Buna karşın ilimizin bazı yöneticilerinin, “Termal Başkent olma yolunda emin adımlarla yürüyen Afyonkarahisar” gibi cümleler kurmaları bir çuval incili berbat ediyor. Yaşanan tezatlık bir yana marka bilinci oluşmasını da sekteye uğratıyor. Başbakan Erdoğan bile ‘Termal Başkent olmuş’ ifadesini kullanırken, hangi mantık hala aksi yönde cümleler kuruyor anlamıyorum. Kazanılmış bir kaleyi neden kazanılmamış ya da henüz teslim alınmamış gösterirsiniz. Ama konuşma yaparken düşünmeden kullanılan cümleleri izan yeteneğinizin yetersizliğinize veriyoruz. Her ne kadar konuşmayı bilmeyenlerin susması taraftarı olsam da koltuk sahibi cahillerin konuşmasına engel olamayacağımdan kendilerini daha dikkatli olmaya davet ediyorum. Kaldı ki henüz Termal’in Başkenti olamamış olsak bile eğer bu tanımı kullanırsak ne kaybederiz. Bu bilinci, Türkiye’nin her yerindeki insanların ağzına yerleştirmeliyiz. Bu ülkede yaşayan herkese “Termal Başkent Afyonkarahisar” öğretmek istiyorsak önce biz, bu şehirde yaşayan herkes ağız birliğiyle şehrimizi doğru lanse etmemiz gerekiyor.Bayrak kampanyası başlatalım, Zafer Haftası, Kurtuluş’un ve Termal’in başkenti derken neyi anlattığımı da unuttum. 19 Mayıs’a katılan tüm gençleri tebrik ediyorum. Bu yıl ilk kez yaptığı işten zevk alan öğrenciler ve gülen yüzler gördüm. Sanırım öğretmenlerimizi de öğrencilere bu yıl daha kibar olduklarından dolayı kutlamalıyım.
Ben stadın sol arkasında öğrencilerin pano çevirerek yaptığı resim ve yazıları çok seviyorum.
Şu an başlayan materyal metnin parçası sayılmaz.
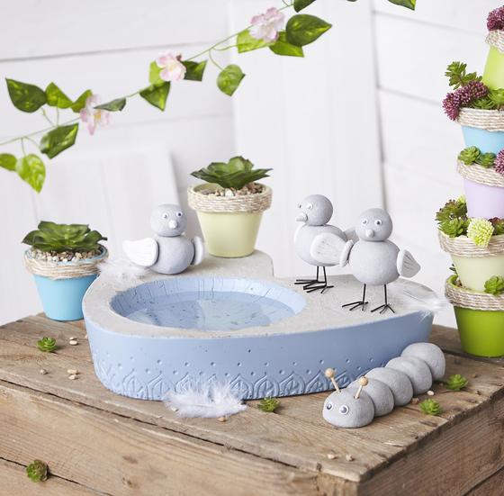 Kąpiel dla ptaków można pokolorować za pomocą sprayu Marabu do it.
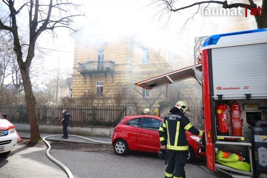 Einsatz bei Kellerbrand in einem Wohnhaus in Wels-Innenstadt
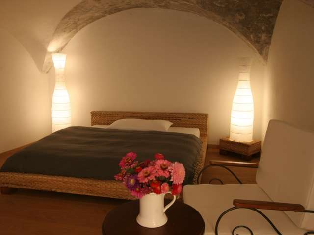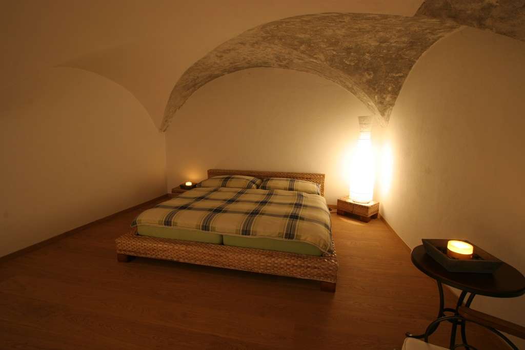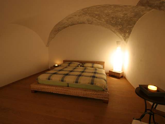 The Heidi romantic room in the Winery Cantunada, equipped with a magnificent double bed, can be found in a 300-year-old mansion in the middle of the town of Maienfeld. The vault gives the room a lot of charm and special character. The bathroom with shower/toilet is outside the room.
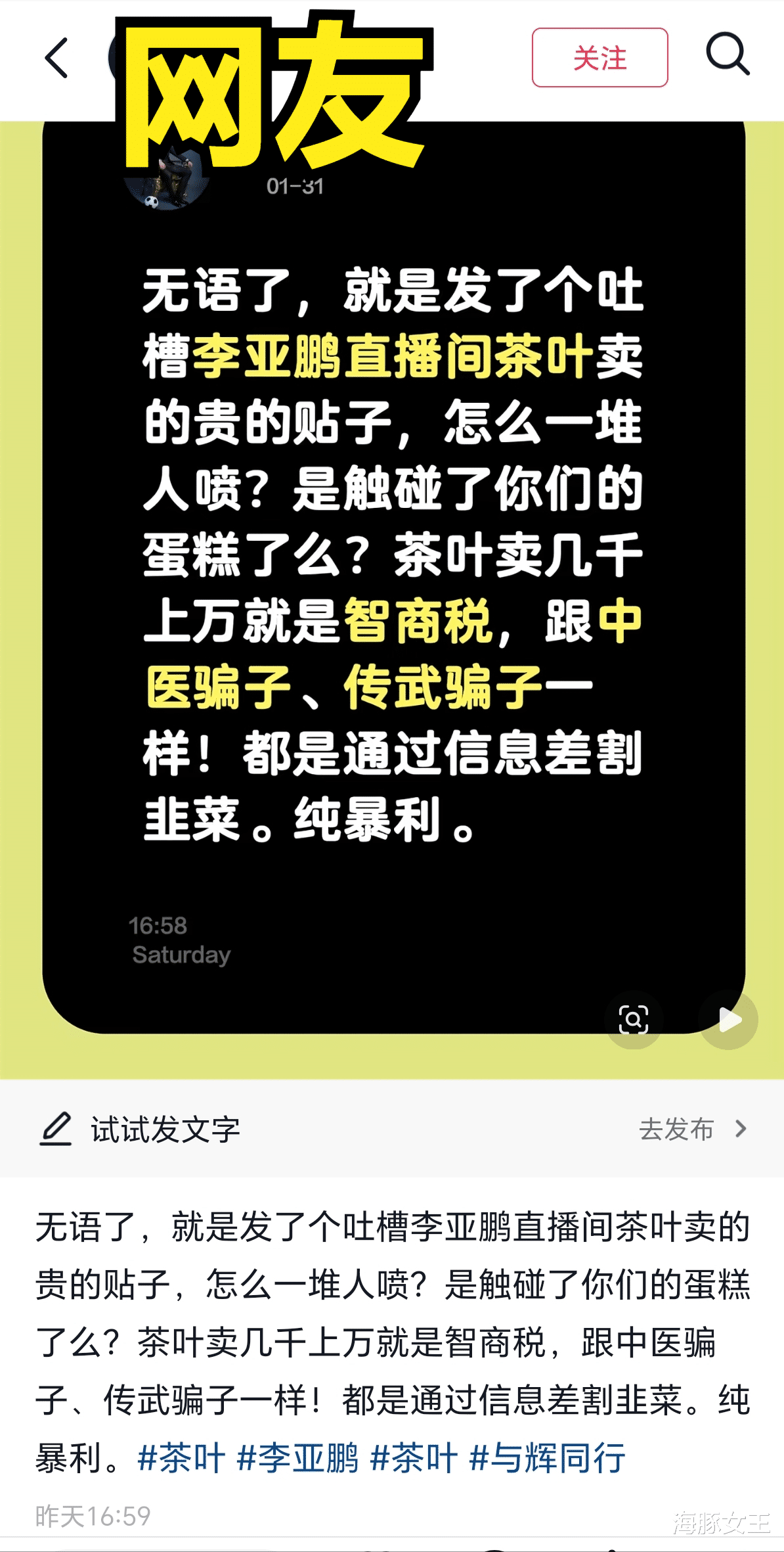也有网友觉得,李亚鹏的茶叶卖几千上万是智商税,跟中医骗子,武术骗子一样,属于纯暴利。
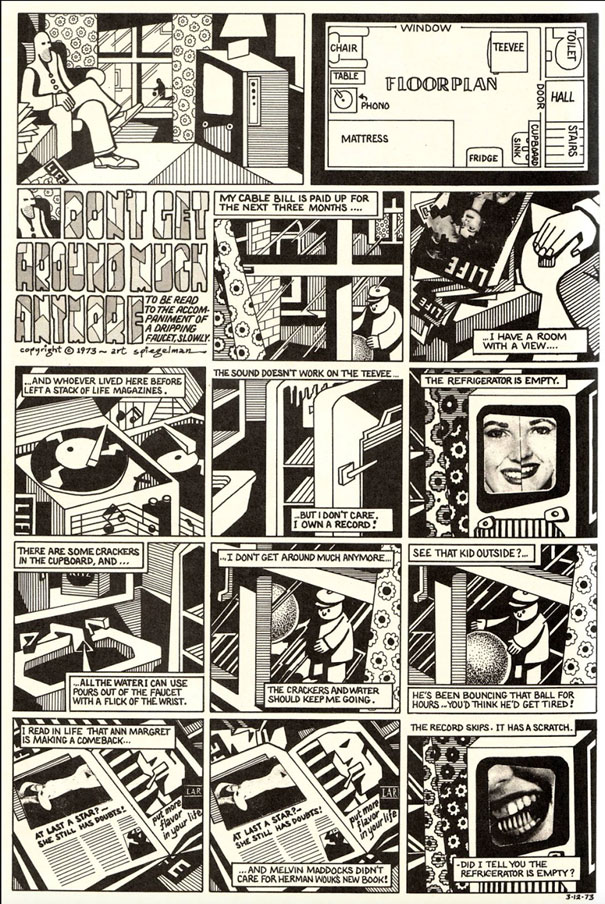 'Don't Get Around Much Anymore' (Short Order Comix #2, 1974). A stream-of-consciousness depiction of loneliness and isolation, with a man sitting in his living room while random thoughts about his surroundings come to his mind.
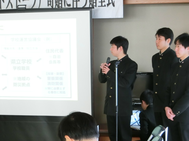 本校は平成29年度より「防災型コミュニティ・スクール」として指定され熊本地震の教訓のもと、行政をはじめ地域と連携した学校づくりを行っているところです。学校運営協議会を開催し、ロケットストーブを用いた防災食の試食や地域の方との避難訓練、制作した避難所運営マニュアルを地域の方々にも配布し情報の共有等を行っています。また、今後は「総合型コミュニティ・スクール」に向け、さらに地域の皆さんとの連携をすすめていきたいと考えております。
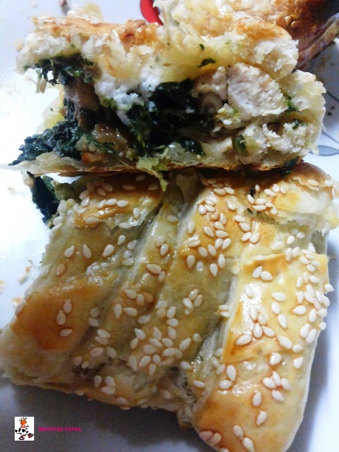 En una sarten ponemos un chorrito de aceite de oliva y sofreímos la cebolla picada en juliana,cuando esté pochadita añadimos las espinacas y mezclamos bien. Añadimos la pechuga de pollo en tiras y las almendras picaditas,ponemos un poquito de sal,removemos y reservamos hasta que enfríe.
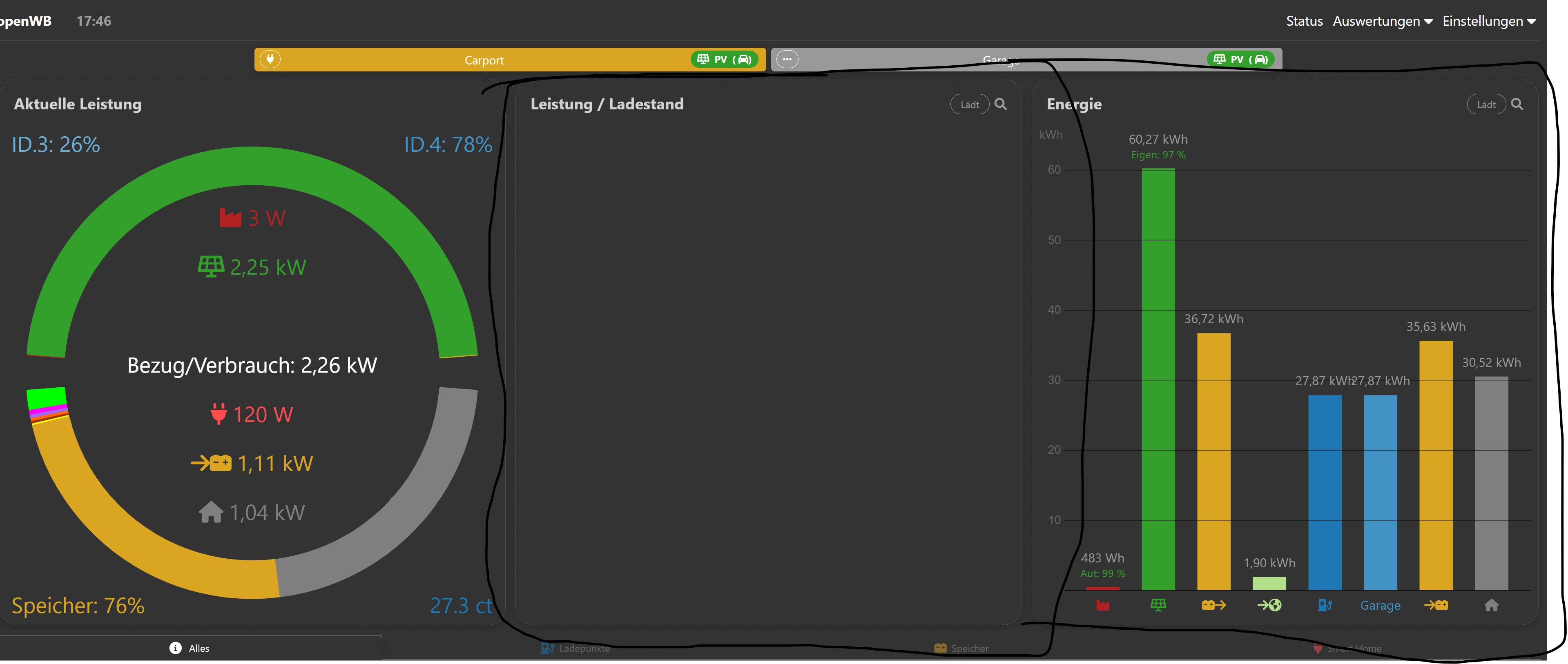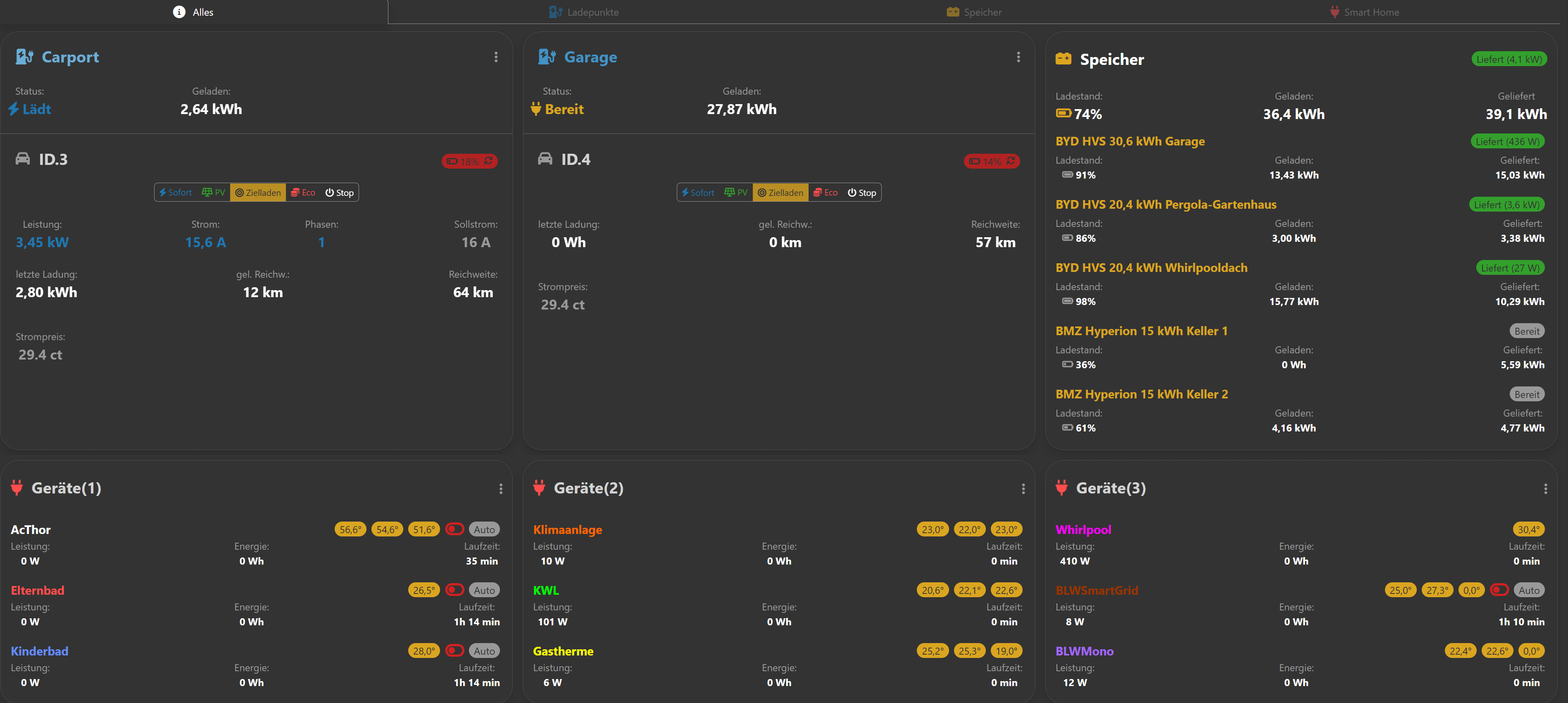Abends zwischen 18:15 Uhr und 18:45 Uhr müsste noch genug Überschuss (Mindest-SoC Speicher über 94%, 1kW Entladeleistung) für 1-pasiges Laden vorhanden gewesen sein.
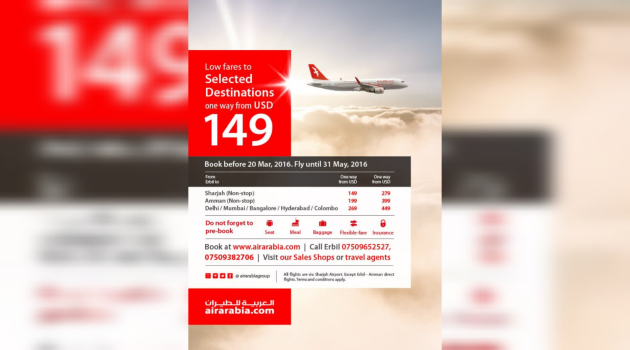 ودعت الشركة كافة الراغبين في الاستفادة من هذا العرض الاستثنائي، المتاح لفترة زمنية محدودة، إلى زيارة الموقع الإلكتروني الرسمي: airarabia.com، حيث يمكنهم الاطلاع على تفاصيل العرض، واختيار الوجهة التي تناسب احتياجاتهم، وإتمام الحجز بكل سهولة ويسر.

Bu sene fon olmamasının eksikliğini hissetsem de çok harika bir bayramdı. Benim için bayramı harika kılan bir özellik de Bayrampaşa’dan gelen ekibin danslarıydı. Tam bir Balkan fırtınası yaşatan ekip beni bir anda memleketime götürdü. Kendimi Meriç kıyısındaki küçük bir köyde, renkli gözlü bir çocuğun suya bıraktığı kayık gibi hissettim. Bütün Balkanları içime çeke çeke Meriç’ten Ergene’ye aktım. Dolayısıyla mutluluğumu size ifade edemem. Bu nedenle grubu ilimize ve kutlamalara getiren herkese, emeği geçenlere yürükten teşekkür ediyorum.